There are two big problems that we're encountering, and which this report will have to, as the NDIA, implement and address. One is that people with disability feel that the NDIS will be less generous, so if you don't spend all your money in the 12 months or the period of the plan then what you haven't spent you lose. They're worried there will be a contraction. They're worried the red tape and the delays that this report is trying to address will then become used as an excuse to decrease people's choice and control, to decrease the funding which is there. They're also worried, of course, about where the workforce for SIL is going to come from in the future.

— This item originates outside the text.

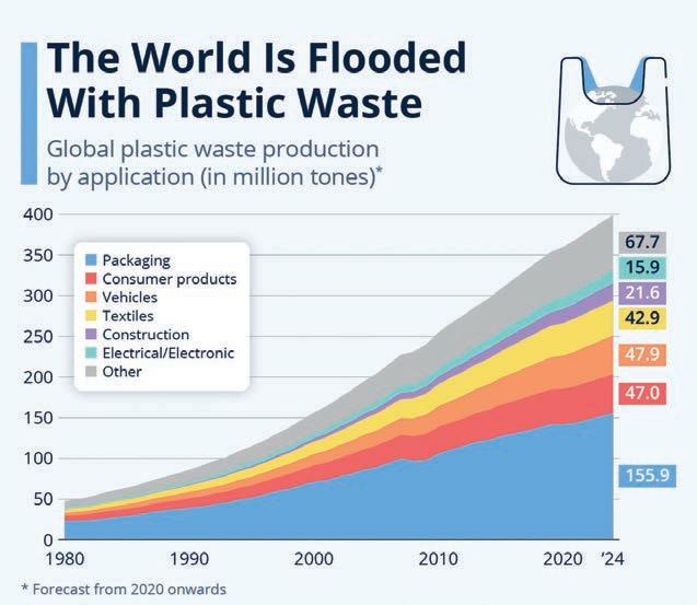 In just two decades, the global annual production of plastic waste has doubled from 180 million tons to more than 350 million tons, according to the OECD's Global Plastics Outlook report.
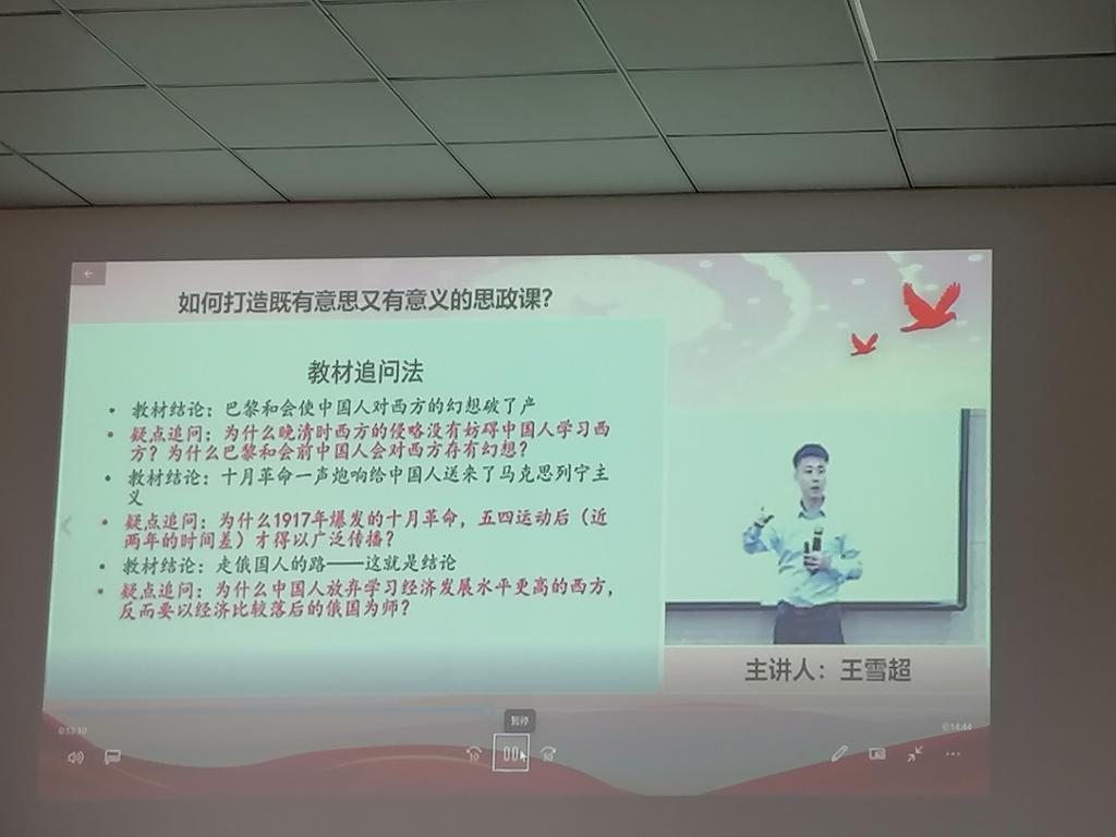9月15日下午,马公司组织全体教师认真观摩学习了天津师范大学304永利集团副教授王雪超的精彩讲座“如何打造有意思又有意义的思政课”。王雪超曾获全国优秀教师、全国最美思政课教师、全国首届高校思政课教学展示活动特等奖国家级奖项或荣誉5项,其教学事迹被《人民日报》等国家级媒体多次专题报道。

But, having acknowledged all of that, this is a good report. The Joint Standing Committee on the National Disability Insurance Scheme proves that the parliament can work when people work together. We urge the government to expedite the recommendations in this report and to take that broader approach. They've said the right things about NDIS not being cut back, but we saw $4.6 billion taken from the NDIS in 2018-19 budget. There is an anxiety out there that, despite all this keyhole surgery we're doing through these reports, there will be elements in the government, in the executive as opposed to the parliamentarians, that will just simply wind it all back. That's why I think this report is another useful contribution. But we don't just need keyhole surgery; we also need to embrace the philosophy of the NDIS of choice and control.
Sharon Claydon (Newcastle, Australian Labor Party) Share this | Link to this | Hansard source
Does the member for Menzies wish to move a motion in connection with the report to enable it to be debated on a future occasion?
6:12 pm
Kevin Andrews (Menzies, Liberal Party) Share this | Link to this | Hansard source
I move:
That the House take note of the report.
Sharon Claydon (Newcastle, Australian Labor Party) Share this | Link to this | Hansard source
The debate is adjourned. The resumption of the debate will be made an order of the day for the next sitting.